NEP EN1: Four Units, One Show

NEP’s EN1 — complete with A, B, C, and D units — is the newest and most technologically advanced addition to the company’s fleet. Originally slated for a 2014 roll out, the 1080p-capable EN1 will hit the road today for the first game of ESPN’s Monday Night Football doubleheader.

In the 2011, ESPN approached us about building a replacement for their current mobile unit. We were already well into planning what our next generation (NX-GEN) of large mobile units would be like. A year earlier we held a series of design charettes with our team of Senior EICs, Engineering Managers, Design Engineers and Account Managers - nearly fifty people were involved! During these intense day-long meetings we re-evaluated all aspects of a mobile unit, literally from the asphalt up, including the trailer itself, HVAC, Power, Video, Audio, Comms, Routing and Control as well as operational issues related to set up, teardown and levels. At the end of our session we had a comprehensive list of all of the features we agreed were important and should be the foundation for our NX-GEN trucks, over which client requirements can be layered.

EN1 Truck of the Future


The Trailer Features
Prior to EN1, all TV truck trailers were hand-built by skilled craftsmen, based upon experience building similar units and reacting to any subsequent problems using the best known practices. With this method, generally, the solution to any structural problem is "more metal" - thickening the metal structure around any stress cracks. Sometimes it fixes the problem, often it just adds more weight. For EN1, using modern computerized stress analysis tools from the aircraft industry, we designed a stronger, stiffer and twenty percent lighter-weight trailer. The end result: greater weight carrying capacity, reduced maintenance downtime, better ride for the equipment, and a longer life for both the equipment and the trailer itself.

For this new truck, components of the trailer are computer-designed sub assemblies which fasten together rather than being welded. Similar components are 100% identical, meaning that when replacement parts are needed, they are now "off of the shelf" items rather than a time-consuming custom build.
Generally, when it comes to the layout of a trailer, there are several approaches - all of which require compromise between internal access and the size of the deployed trailer footprint. Our new designs for EN1 incorporate wide, full-length double expandos, with the entry doors at the end of the expandos, which eliminates side stairs and platforms. This means that EN1 is able to have the largest internal operating space available today, but requires a smaller physical footprint than a regular single-expando. Speaking of stairs: in EN1, their landing platforms are permanently mounted to the trailer, folding up for storage. This reduces setup time and is designed such that it eliminates the risk of someone stepping out without the stairs deployed.


The Framing Structure
Our framing structure for this new unit is all aluminum, including custom made full-length I-beams for strength and support. This makes EN1 both lighter-weight and completely rust resistant. In addition, all of the framing is fastened together, assuring accurate dimensional stability. The exterior walls, roof and flooring are all composite sheets, with excellent R value, further reducing weight, as well as increasing thermal stability and helping to keep the trailer cool. We are maintaining the flip roof design, common in our previous twins, to afford maximum interior height for people and racks. This roof design has actually increased the entry door heights as well.

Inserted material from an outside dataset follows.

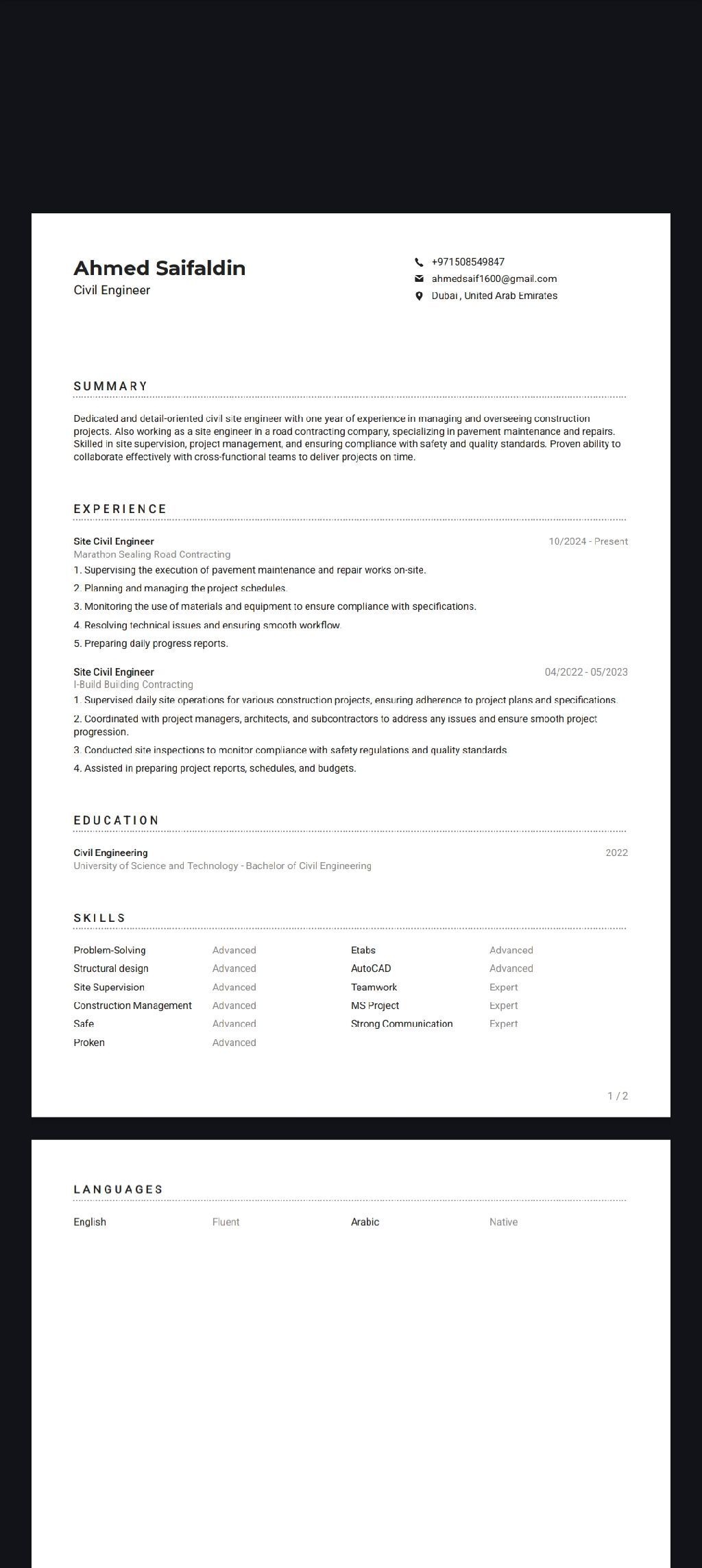 مهندس مدني حاصل على بكالوريوس هندسة مدنيه ورخصة قيادة اماراتية، ابحث عن فرصة عمل مناسبة في مجال المباني. أتميز بالجديه والرغبة في التعلم واكتساب الخبرة العملية داخل الدولة ويمكنني اجتياز امتحان البلدية، ولدي خبرة في مجال الطرق داخل الدولة لمدة سنة

Although out of sight to most folks, we have greatly simplified the structure under the floor for EN1, creating a more generous space for cables and cable access to accommodate the increasing number of signal formats. Also, with the exception of the end of the trailer, the back of all of the racks are accessible from inside the trailer. This means no more standing on a ladder in the rain to trouble shoot a problem.
For fit and finish, LED lightning is being used throughout to reduce heat loads. New surface materials are being used with an eye not only to a better look and feel, but to increased acoustic performance and sound isolation in all areas of the truck.
Lastly we have incorporated tracking rear axles which steer in tight turns, making navigating in tight spaces easier.
All of NEP's next-gen trailers are EPA Smart Way designated designs, taking in to account new regulations for fuel-efficiency that will take effect in California and across the Country in coming years.


The Clients Requests
Informal discussions were held throughout the end of 2011 and beginning of 2012 amongst the crew and production team. In January of 2012, a full eighteen months before the first EN1 show was slated to happen, we met with the client for several days at their headquarters. NEP arranged for key suppliers to come and discuss where their products were headed for 2013, enabling us to make intelligent decisions about systems and equipment. Several alternate approaches were presented, and we finally narrowed it down to four double expando trailers with separate control rooms for the game, studio show and Spanish-language feed included in the overall footprint.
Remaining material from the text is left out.